(Exercise inputs begins)

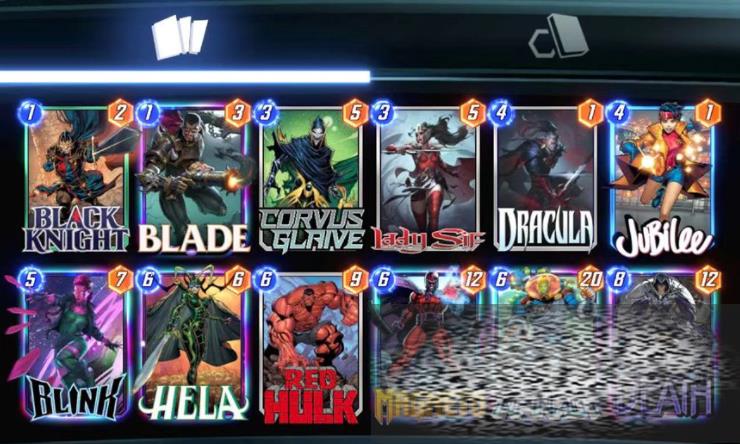 上文中所列举出的牌组是初级海拉牌组,接下来再为小伙伴们介绍一下终极版,比较适合喜欢高风险高收益的玩家们。在上文中提到的卡牌的基础下,再加入亡刃将军、黑骑士、闪烁和红浩克。黑骑士的存在主要是为了获得高战力黑剑,闪烁则是用来获取战力差,而红浩克目前在游戏里算是版本t0的存在,战斗力之高属于是必带的。
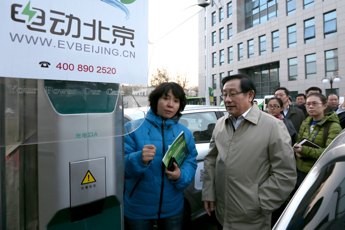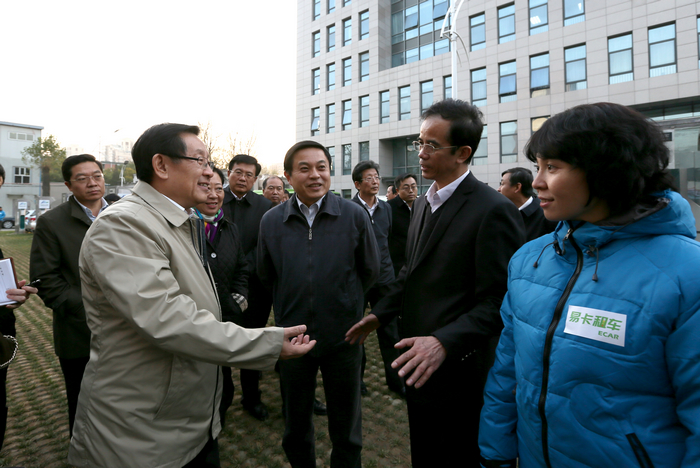 下午16时许,万钢副主席一行驱车来到我校,我校校长胡海岩院士、副校长孙逢春陪同万钢一行参观调研了我校新能源汽车租赁站情况。万钢副主席肯定了我校在新能源汽车研发、电动车租赁业务方面所做的工作。在调研中,万钢副主席看到大部分停在充电桩前整齐停放的电动汽车时,颇为关注地询问目前电动汽车的出租率,当听北京市科委主任闫傲霜介绍说目前大部分车辆主要采用长租形式,这批车辆的主要用户是威尼斯8846的教师,车辆主要是上下班代步使用,所以白天多数停在充电桩前补电时,万钢副主席指出要利用北理工在校师生这股年轻群体的探索精神,配合纯电动车这种新颖、新奇的事物,产生更好的推广效果。
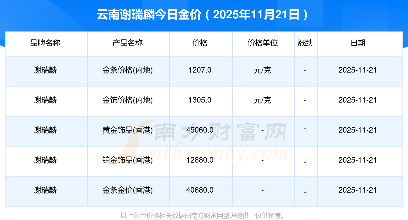 2025年11月21日云南谢瑞麟今日价格:黄金价格1305.0元/克,铂金价格616.0元/克,饰品金价(内地)1305.0元/克,黄金饰品(香港)45110.0,铂金价格(香港)17570.0,金条价格(香港)40690.0,金条金价(内地)1143.0元/克,黄金价格1298.0元/克,铂金价格600.0元/克,足金价格1298.0元/克,黄金价格1266.0元/克。
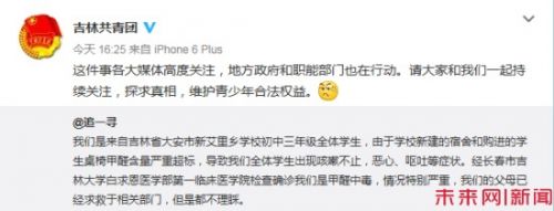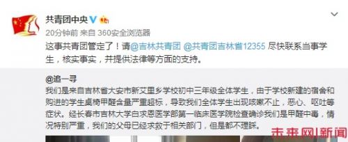 @吉林共青团关注“吉林学生甲醛中毒”一事。图为吉林共青团官方微博截图。
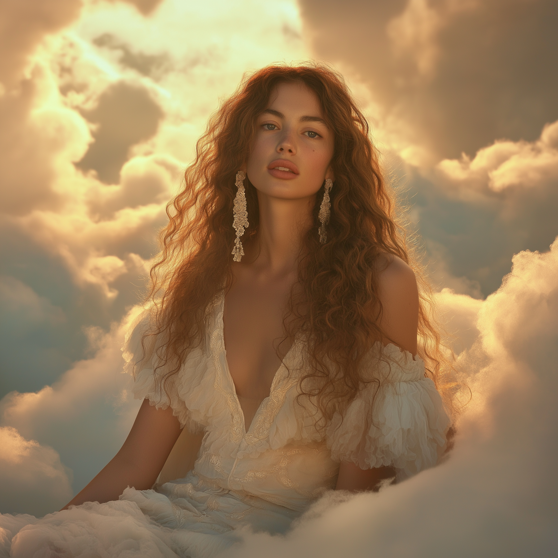 The image portrays a beautiful model enveloped by fluffy clouds, creating a serene and dreamy atmosphere. Soft golden hour lighting enhances the romantic mood of the scene, accentuating the model's features and elegant attire.

(Exercise inputs ends)

Give back the data exactly. Pictures stay out.

 上文中所列举出的牌组是初级海拉牌组,接下来再为小伙伴们介绍一下终极版,比较适合喜欢高风险高收益的玩家们。在上文中提到的卡牌的基础下,再加入亡刃将军、黑骑士、闪烁和红浩克。黑骑士的存在主要是为了获得高战力黑剑,闪烁则是用来获取战力差,而红浩克目前在游戏里算是版本t0的存在,战斗力之高属于是必带的。
 下午16时许,万钢副主席一行驱车来到我校,我校校长胡海岩院士、副校长孙逢春陪同万钢一行参观调研了我校新能源汽车租赁站情况。万钢副主席肯定了我校在新能源汽车研发、电动车租赁业务方面所做的工作。在调研中,万钢副主席看到大部分停在充电桩前整齐停放的电动汽车时,颇为关注地询问目前电动汽车的出租率,当听北京市科委主任闫傲霜介绍说目前大部分车辆主要采用长租形式,这批车辆的主要用户是威尼斯8846的教师,车辆主要是上下班代步使用,所以白天多数停在充电桩前补电时,万钢副主席指出要利用北理工在校师生这股年轻群体的探索精神,配合纯电动车这种新颖、新奇的事物,产生更好的推广效果。
 2025年11月21日云南谢瑞麟今日价格:黄金价格1305.0元/克,铂金价格616.0元/克,饰品金价(内地)1305.0元/克,黄金饰品(香港)45110.0,铂金价格(香港)17570.0,金条价格(香港)40690.0,金条金价(内地)1143.0元/克,黄金价格1298.0元/克,铂金价格600.0元/克,足金价格1298.0元/克,黄金价格1266.0元/克。
 @吉林共青团关注“吉林学生甲醛中毒”一事。图为吉林共青团官方微博截图。
 The image portrays a beautiful model enveloped by fluffy clouds, creating a serene and dreamy atmosphere. Soft golden hour lighting enhances the romantic mood of the scene, accentuating the model's features and elegant attire.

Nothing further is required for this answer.